Give the data again exactly as written, skipping any pictures.

* _Supplied information_:

☆ ☆ ☆

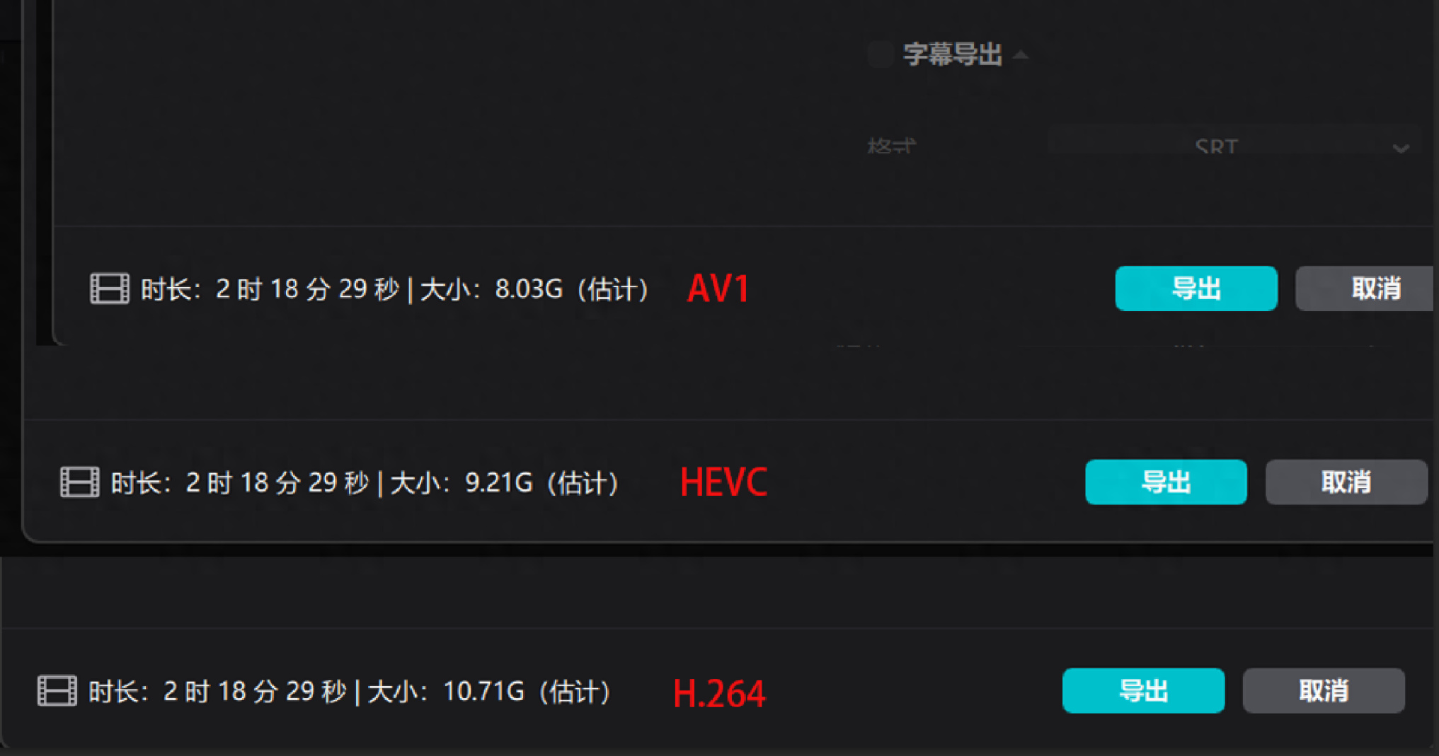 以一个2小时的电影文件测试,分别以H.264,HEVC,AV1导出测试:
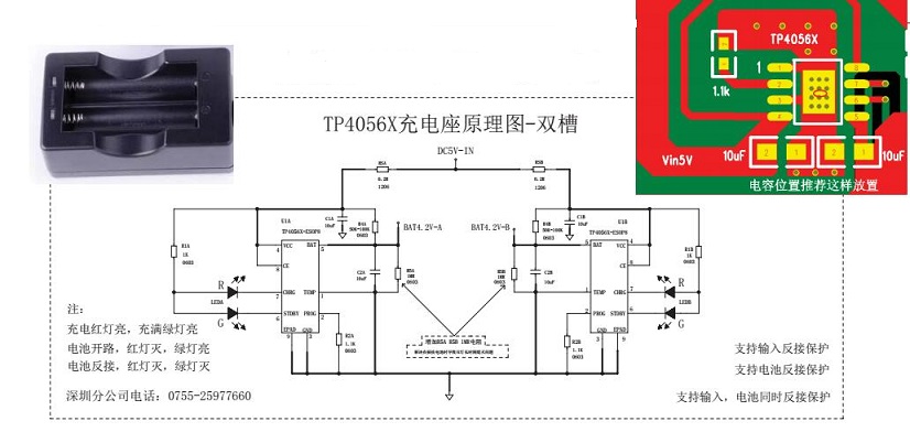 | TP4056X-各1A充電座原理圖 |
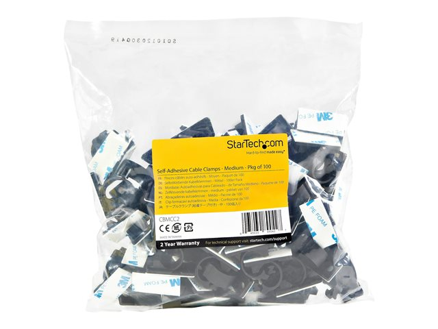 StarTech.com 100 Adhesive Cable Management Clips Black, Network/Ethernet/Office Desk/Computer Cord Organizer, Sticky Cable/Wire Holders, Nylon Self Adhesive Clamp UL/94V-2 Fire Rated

☆ ☆ ☆

* _Exercise solution_:
 以一个2小时的电影文件测试,分别以H.264,HEVC,AV1导出测试:
 | TP4056X-各1A充電座原理圖 |
 StarTech.com 100 Adhesive Cable Management Clips Black, Network/Ethernet/Office Desk/Computer Cord Organizer, Sticky Cable/Wire Holders, Nylon Self Adhesive Clamp UL/94V-2 Fire Rated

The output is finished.